A friend has several nieces and nephews in their teens and twenties. They say they will come, she buys pizzas or other takeout and looks forward to their visit. Then, if something more exciting comes along, as it often does, they just don’t show up and almost never bother to let you know.

And it seems that “thank you” is not in this generation’s vocabulary. My five grandchildren, now all grown up, never think to write or phone to thank them for the gifts or money they were sent for their gap years, driving lessons, computers or new guitars.

We extend generosity to them in the hope of receiving a show of consideration in return, which almost never comes.

Last year, I sent a special book about the Brontës to a friend’s teenage granddaughter who was studying Jane Eyre in high school. I bought the book during a visit to the town in England where the Brontës had lived and also included some postcards from the sisters. Did I ever receive any kind of recognition?

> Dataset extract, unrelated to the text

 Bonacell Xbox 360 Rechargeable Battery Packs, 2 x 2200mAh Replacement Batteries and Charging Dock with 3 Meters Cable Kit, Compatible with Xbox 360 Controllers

Of course not!

These young people carelessly lead the life they choose and do not care about anyone else. The fact that someone could be waiting all day for a visit that never materializes doesn’t even cross their mind.

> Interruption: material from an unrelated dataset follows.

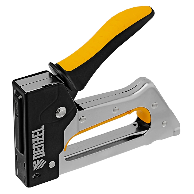 Металлический степлер Denzel с двухкомпонентной рукояткой используется для сборки и обивки мебели, фиксации изоляционных материалов, а также других монтажных и отделочных работ с помощью скоб типа 53 размером 6-10 мм. Позволяет быстро соединять с деревянным основанием листовые материалы из ДВП, ДСП, картона, оргалита, фанеры, пленки ПВХ. Благодаря рессорному ударному механизму инструмент не требует от пользователя значительных усилий, поэтому подходит для длительной работы.Преимущества Прочность — стальной корпус, изготовленный методом штамповки, устойчив к деформации Защита от коррозии — благодаря хромированию и порошковому покрытию инструмент не разрушается под воздействием влаги Быстрая загрузка скоб — благодаря выдвижной обойме «зарядка» инструмента занимает несколько секунд Контроль наличия скоб — в боковой части корпуса предусмотрено специальное окошко Комфортная работа — двухкомпонентная обрезиненная рукоятка не выскальзывает из ладони Расходники в комплекте (200 шт.) — крепеж не нужно приобретать отдельно, степлер полностью готов к работе Безопасное хранение и перемещение — рукоятка фиксируется в транспортировочном положении, что исключает случайное срабатывание ударного механизма

And even when they do deign to pay a visit, usually arriving late, they pass the time simply staring at their phones.

Why is Generation Z so negligent and indifferent? My own opinion on the matter is that they have been spoiled to death from day one. They have never been disciplined and believe that the world revolves around them.

Apparently schools can’t give negative feedback at the end of the semester, but they must always offer maximum encouragement, no matter how low the level.

The days when teachers put students in their place with a cutting comment are long gone. Parents would complain that their little ones were upset and needed counseling and would probably fire the teacher.

Another factor is that for them their electronic devices have become more important than people. Whenever you see a group of teenagers on the street, they will lower their heads looking at their phones, instead of interacting with each other. Apparently, his entire life takes place online.

My generation (I’m now 80, which puts me among the Silent Generation, older than the boomers), and also our parents, were independent and out in the world when we were in our early twenties.

In contrast, this group still lives at home, does not pay rent, and has their clothes washed and meals prepared upon request.

This prolonged indulgence means they never really grow up. Is it any wonder then that they don’t think for a minute about anyone else?